→ What this task involves:
Please reproduce the listing word for word. Pictures stay out.

→ Information shown:
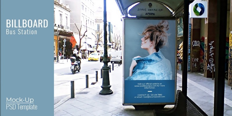 Billboard Bus Stop Mock-Up - PSD Template . Billboard Bus Stop Mock-Up - PSD Template
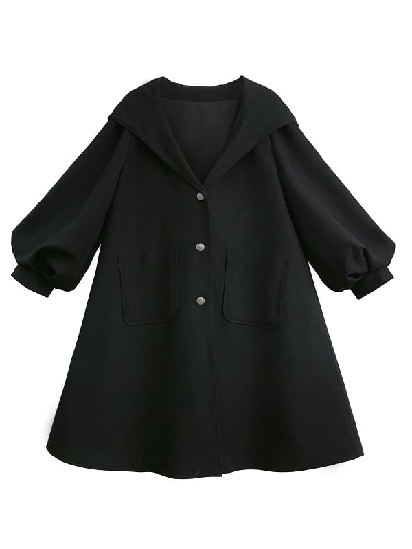 Schwarzer adretter langer Kapuzenmantel mit Ballonärmeln
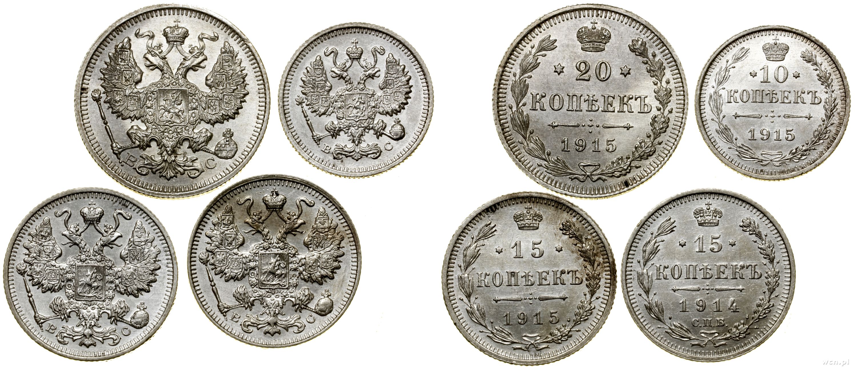 w zestawie: 10 kopiejek 1915, 15 kopiejek 1914, 15 kopiej... | I/I- |

→ Answer to this task:
 Billboard Bus Stop Mock-Up - PSD Template . Billboard Bus Stop Mock-Up - PSD Template
 Schwarzer adretter langer Kapuzenmantel mit Ballonärmeln
 w zestawie: 10 kopiejek 1915, 15 kopiejek 1914, 15 kopiej... | I/I- |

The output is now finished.